## Data in this exercise
= Beginning of Section =
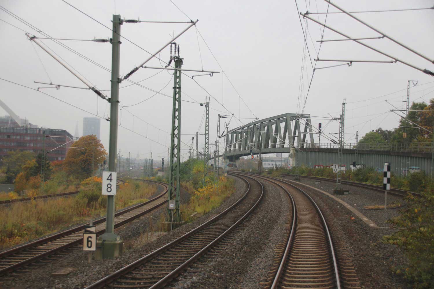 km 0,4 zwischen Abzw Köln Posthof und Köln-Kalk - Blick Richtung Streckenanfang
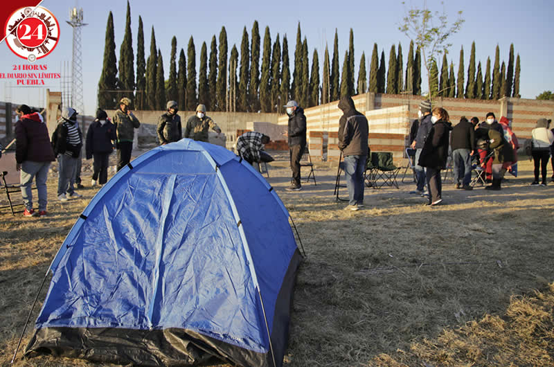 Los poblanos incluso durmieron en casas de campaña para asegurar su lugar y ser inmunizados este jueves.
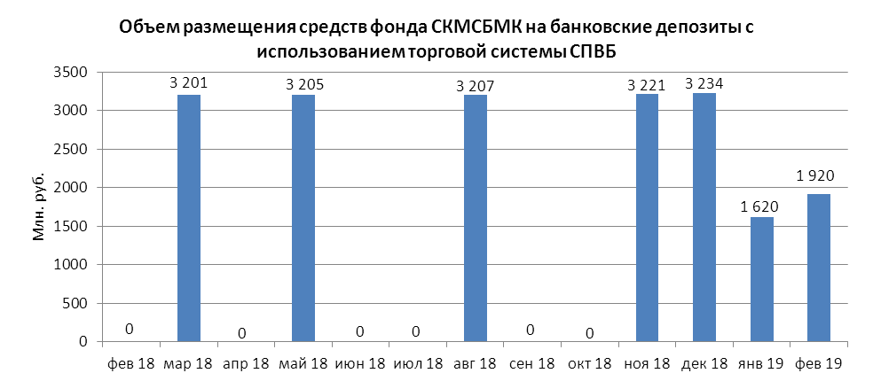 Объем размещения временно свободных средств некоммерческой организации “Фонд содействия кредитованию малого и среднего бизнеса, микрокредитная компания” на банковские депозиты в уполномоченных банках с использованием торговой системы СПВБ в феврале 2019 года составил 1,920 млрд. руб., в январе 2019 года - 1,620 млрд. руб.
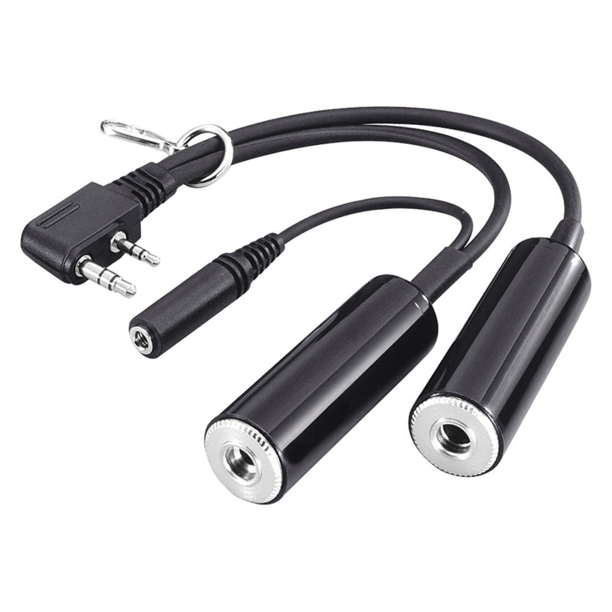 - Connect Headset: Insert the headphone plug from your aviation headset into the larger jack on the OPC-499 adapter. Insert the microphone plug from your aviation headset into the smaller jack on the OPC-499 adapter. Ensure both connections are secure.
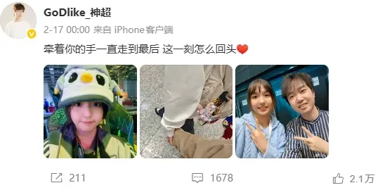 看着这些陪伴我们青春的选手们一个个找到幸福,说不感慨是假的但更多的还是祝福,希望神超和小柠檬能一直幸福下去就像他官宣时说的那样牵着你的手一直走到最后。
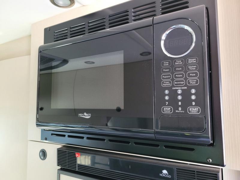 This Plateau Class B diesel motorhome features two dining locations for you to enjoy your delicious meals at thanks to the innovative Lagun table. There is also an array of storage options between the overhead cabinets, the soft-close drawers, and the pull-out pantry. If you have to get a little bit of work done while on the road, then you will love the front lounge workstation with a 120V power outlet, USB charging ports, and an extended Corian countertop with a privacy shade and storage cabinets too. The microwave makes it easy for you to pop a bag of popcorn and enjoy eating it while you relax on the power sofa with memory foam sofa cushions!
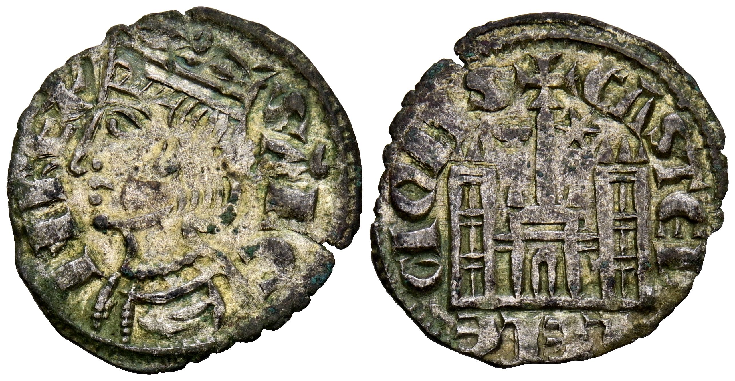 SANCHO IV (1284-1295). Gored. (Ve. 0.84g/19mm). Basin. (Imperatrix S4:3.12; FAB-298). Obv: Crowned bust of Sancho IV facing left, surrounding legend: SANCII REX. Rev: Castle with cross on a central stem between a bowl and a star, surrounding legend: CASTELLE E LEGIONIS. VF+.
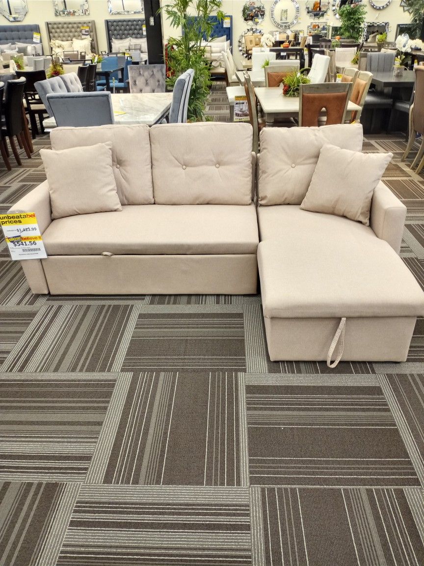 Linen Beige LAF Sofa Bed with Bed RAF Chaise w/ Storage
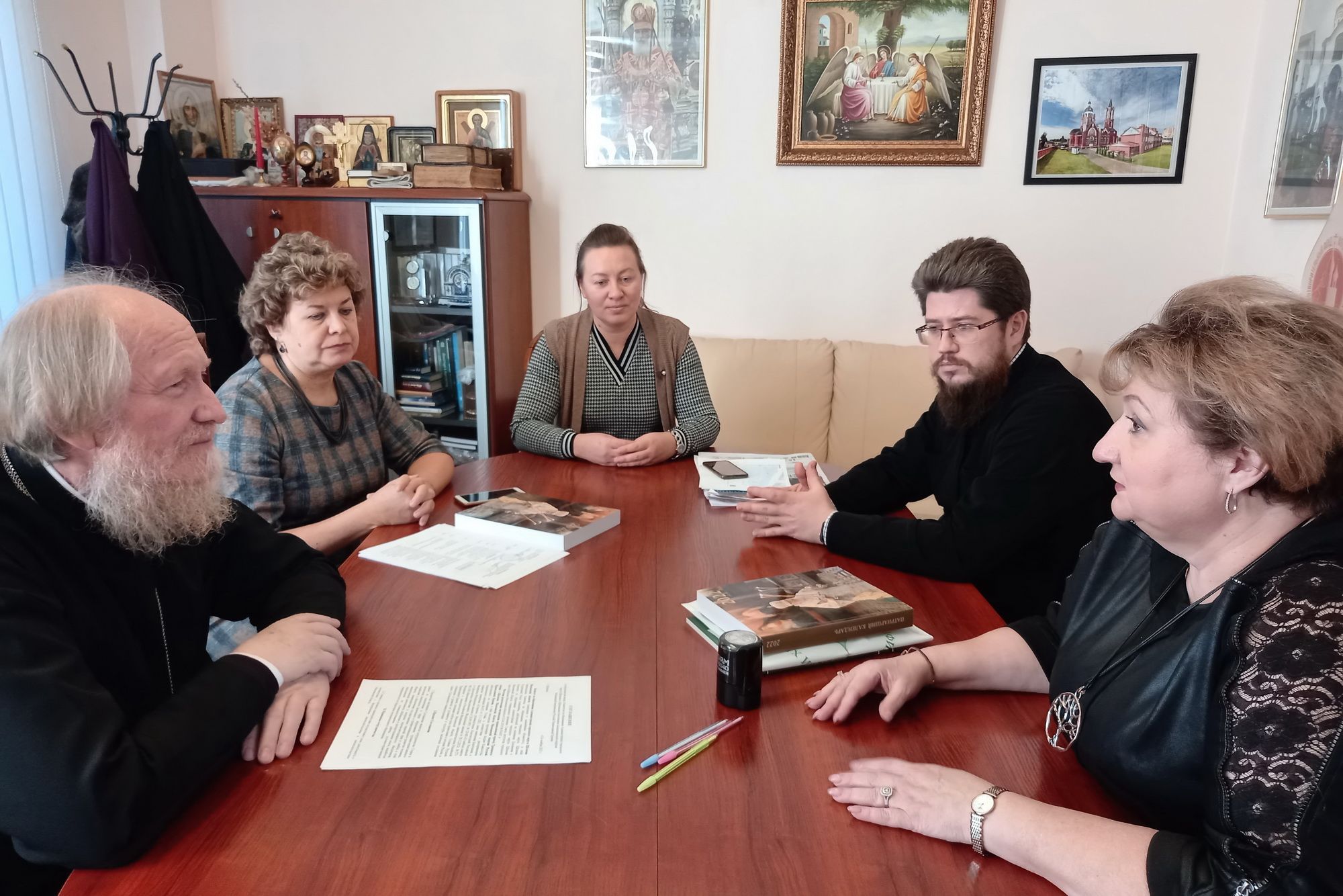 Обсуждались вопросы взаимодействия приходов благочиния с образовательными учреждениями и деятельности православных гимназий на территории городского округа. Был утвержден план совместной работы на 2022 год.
= End of Section =
= Beginning of Section =
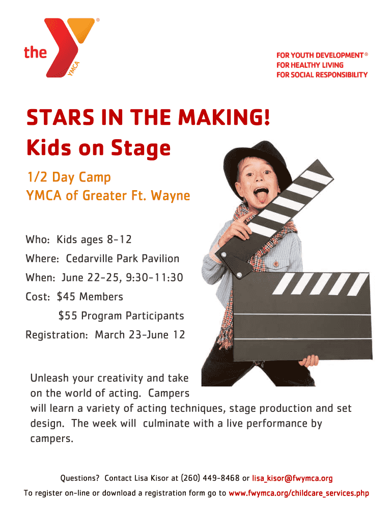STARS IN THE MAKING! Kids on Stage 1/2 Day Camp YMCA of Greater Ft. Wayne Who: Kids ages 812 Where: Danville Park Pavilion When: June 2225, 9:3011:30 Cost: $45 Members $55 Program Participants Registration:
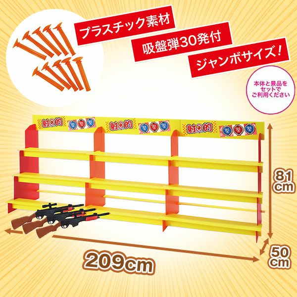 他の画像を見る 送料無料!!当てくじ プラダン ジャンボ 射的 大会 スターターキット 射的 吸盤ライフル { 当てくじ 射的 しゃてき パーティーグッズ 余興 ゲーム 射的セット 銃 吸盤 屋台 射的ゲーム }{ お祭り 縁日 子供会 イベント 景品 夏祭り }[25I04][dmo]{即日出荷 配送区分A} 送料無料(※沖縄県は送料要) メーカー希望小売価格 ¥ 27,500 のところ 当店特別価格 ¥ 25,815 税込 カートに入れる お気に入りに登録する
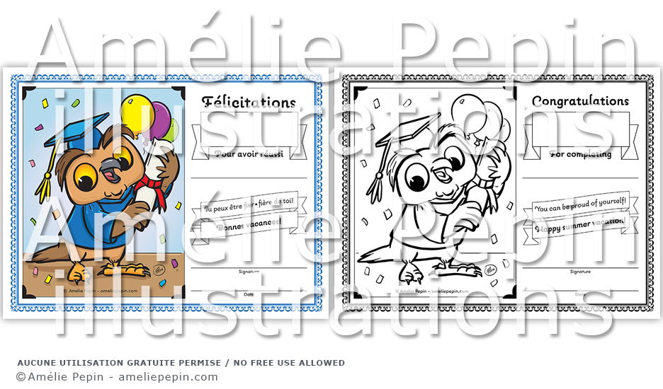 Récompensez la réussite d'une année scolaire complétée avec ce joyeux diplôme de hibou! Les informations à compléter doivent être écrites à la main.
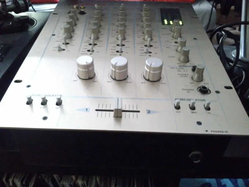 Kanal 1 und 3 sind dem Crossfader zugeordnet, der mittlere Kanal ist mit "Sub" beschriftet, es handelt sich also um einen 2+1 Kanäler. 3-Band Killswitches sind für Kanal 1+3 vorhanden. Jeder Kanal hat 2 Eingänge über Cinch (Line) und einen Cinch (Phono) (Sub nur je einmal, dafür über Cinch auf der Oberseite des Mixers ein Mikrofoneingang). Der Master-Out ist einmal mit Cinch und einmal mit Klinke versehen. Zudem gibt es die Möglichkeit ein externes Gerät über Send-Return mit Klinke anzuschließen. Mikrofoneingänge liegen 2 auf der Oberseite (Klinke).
= End of Section =
Print exactly the lines above that run from the one with "他の画像を見る 送料無料!!当てくじ プラダン" to the one with "Kanal 1 und", both included. No pictures.

 他の画像を見る 送料無料!!当てくじ プラダン ジャンボ 射的 大会 スターターキット 射的 吸盤ライフル { 当てくじ 射的 しゃてき パーティーグッズ 余興 ゲーム 射的セット 銃 吸盤 屋台 射的ゲーム }{ お祭り 縁日 子供会 イベント 景品 夏祭り }[25I04][dmo]{即日出荷 配送区分A} 送料無料(※沖縄県は送料要) メーカー希望小売価格 ¥ 27,500 のところ 当店特別価格 ¥ 25,815 税込 カートに入れる お気に入りに登録する
 Récompensez la réussite d'une année scolaire complétée avec ce joyeux diplôme de hibou! Les informations à compléter doivent être écrites à la main.
 Kanal 1 und 3 sind dem Crossfader zugeordnet, der mittlere Kanal ist mit "Sub" beschriftet, es handelt sich also um einen 2+1 Kanäler. 3-Band Killswitches sind für Kanal 1+3 vorhanden. Jeder Kanal hat 2 Eingänge über Cinch (Line) und einen Cinch (Phono) (Sub nur je einmal, dafür über Cinch auf der Oberseite des Mixers ein Mikrofoneingang). Der Master-Out ist einmal mit Cinch und einmal mit Klinke versehen. Zudem gibt es die Möglichkeit ein externes Gerät über Send-Return mit Klinke anzuschließen. Mikrofoneingänge liegen 2 auf der Oberseite (Klinke).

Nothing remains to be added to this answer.